Assigned task => Repeat all the data exactly, and where a record holds a picture, leave that picture out.

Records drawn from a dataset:
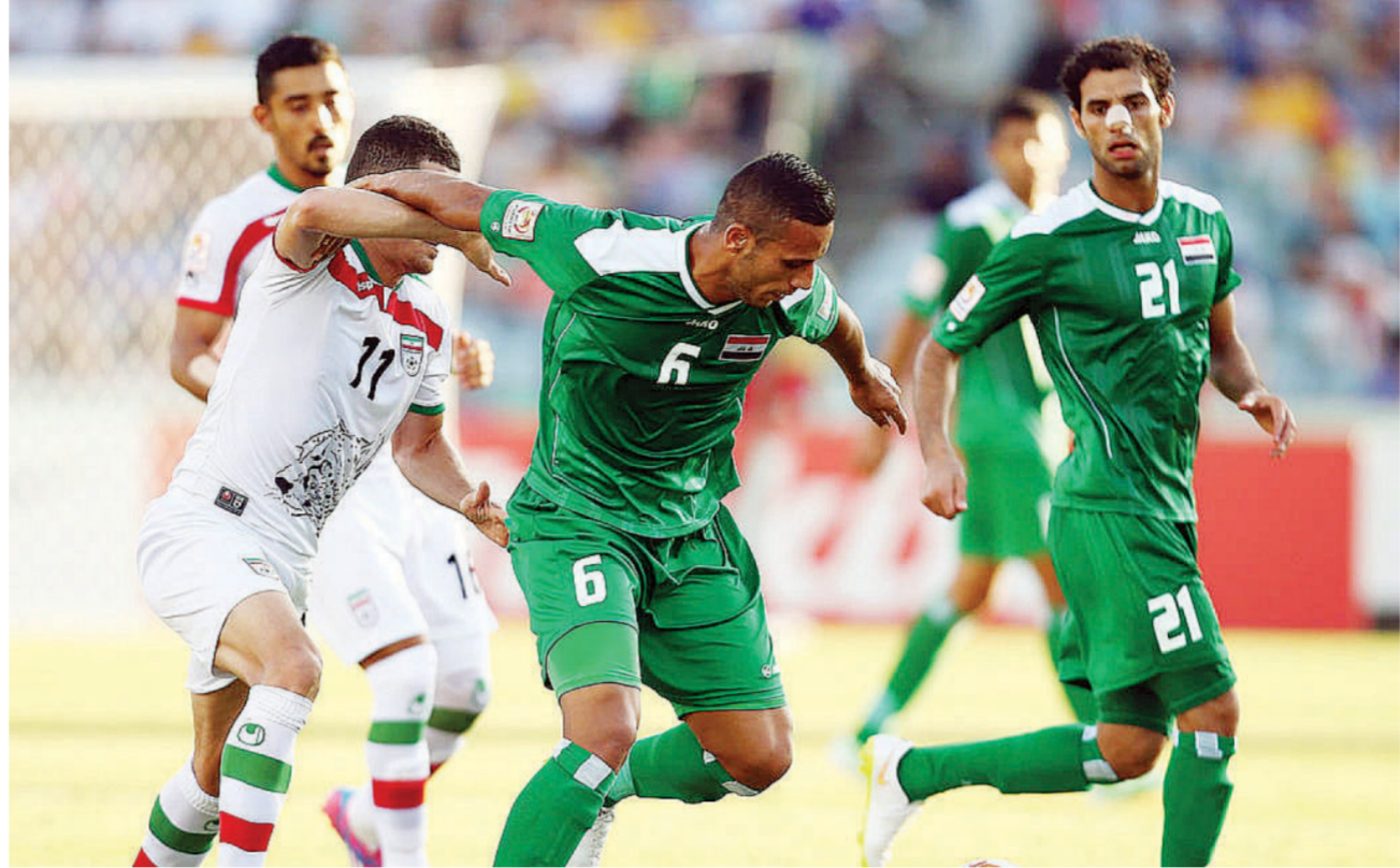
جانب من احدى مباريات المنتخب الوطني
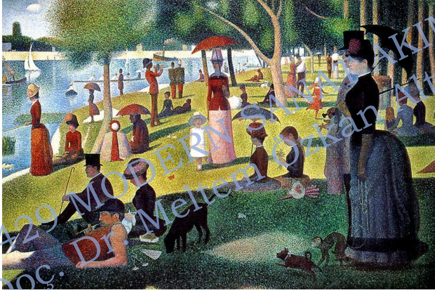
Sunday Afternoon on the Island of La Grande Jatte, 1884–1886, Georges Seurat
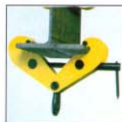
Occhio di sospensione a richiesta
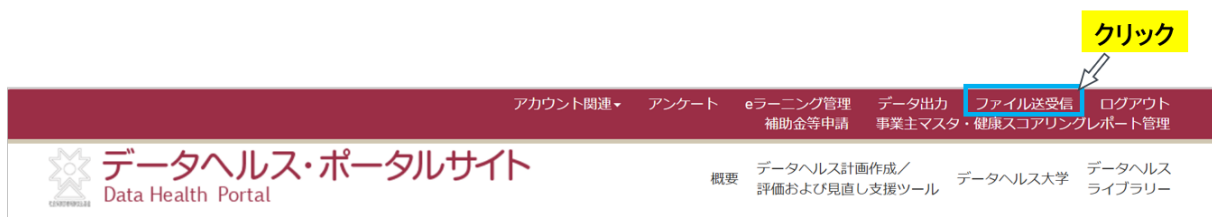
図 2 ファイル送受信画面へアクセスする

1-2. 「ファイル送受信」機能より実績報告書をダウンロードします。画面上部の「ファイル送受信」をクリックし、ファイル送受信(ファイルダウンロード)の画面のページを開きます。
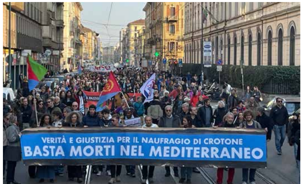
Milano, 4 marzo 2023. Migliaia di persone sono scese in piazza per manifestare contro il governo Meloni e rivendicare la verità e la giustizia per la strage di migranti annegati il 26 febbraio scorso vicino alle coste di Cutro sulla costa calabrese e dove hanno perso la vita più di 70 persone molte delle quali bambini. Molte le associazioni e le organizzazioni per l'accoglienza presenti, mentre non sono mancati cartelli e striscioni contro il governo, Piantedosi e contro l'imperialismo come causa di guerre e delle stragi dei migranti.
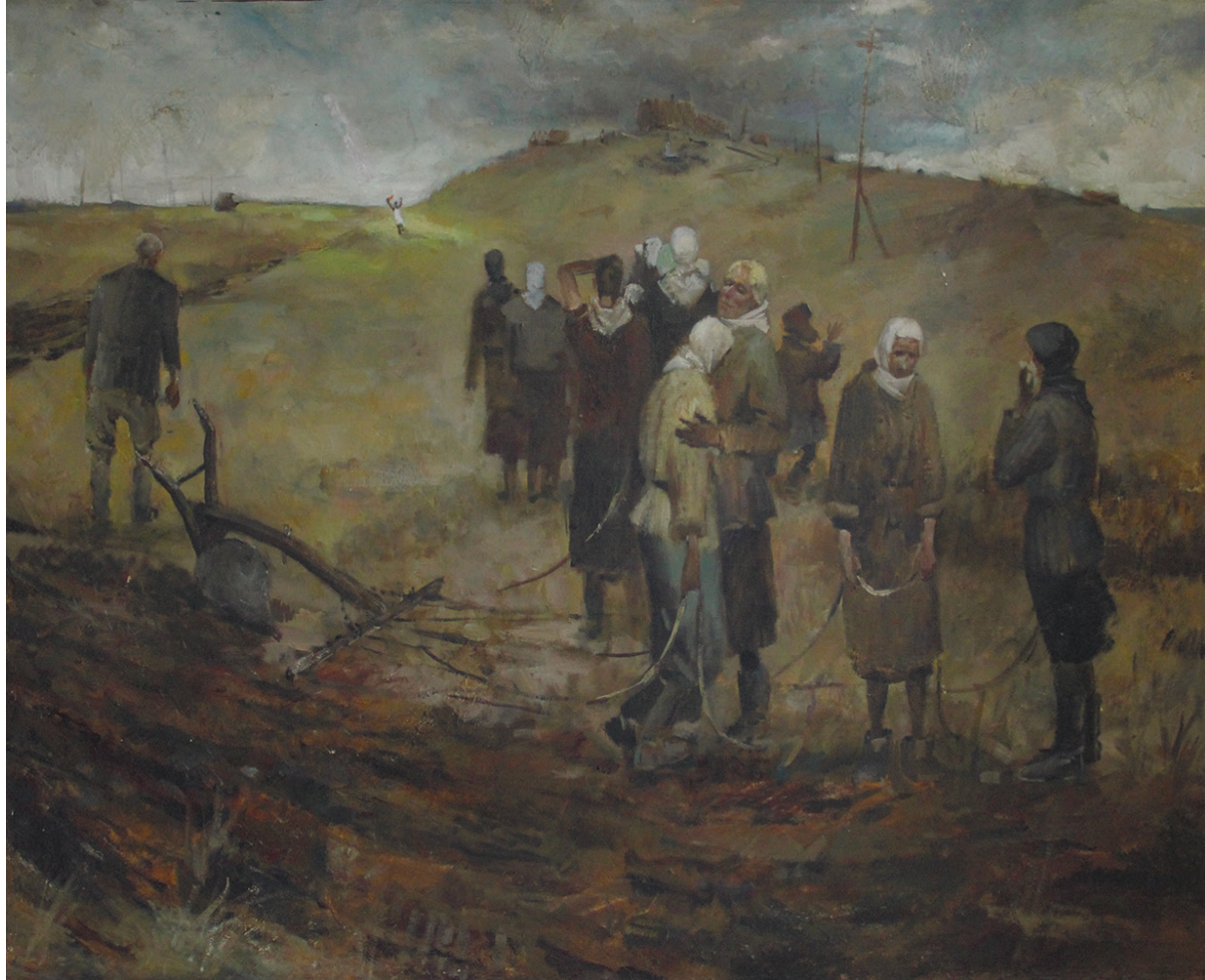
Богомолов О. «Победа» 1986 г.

Answer area =>
جانب من احدى مباريات المنتخب الوطني
Sunday Afternoon on the Island of La Grande Jatte, 1884–1886, Georges Seurat
Occhio di sospensione a richiesta
図 2 ファイル送受信画面へアクセスする

1-2. 「ファイル送受信」機能より実績報告書をダウンロードします。画面上部の「ファイル送受信」をクリックし、ファイル送受信(ファイルダウンロード)の画面のページを開きます。
Milano, 4 marzo 2023. Migliaia di persone sono scese in piazza per manifestare contro il governo Meloni e rivendicare la verità e la giustizia per la strage di migranti annegati il 26 febbraio scorso vicino alle coste di Cutro sulla costa calabrese e dove hanno perso la vita più di 70 persone molte delle quali bambini. Molte le associazioni e le organizzazioni per l'accoglienza presenti, mentre non sono mancati cartelli e striscioni contro il governo, Piantedosi e contro l'imperialismo come causa di guerre e delle stragi dei migranti.
Богомолов О. «Победа» 1986 г.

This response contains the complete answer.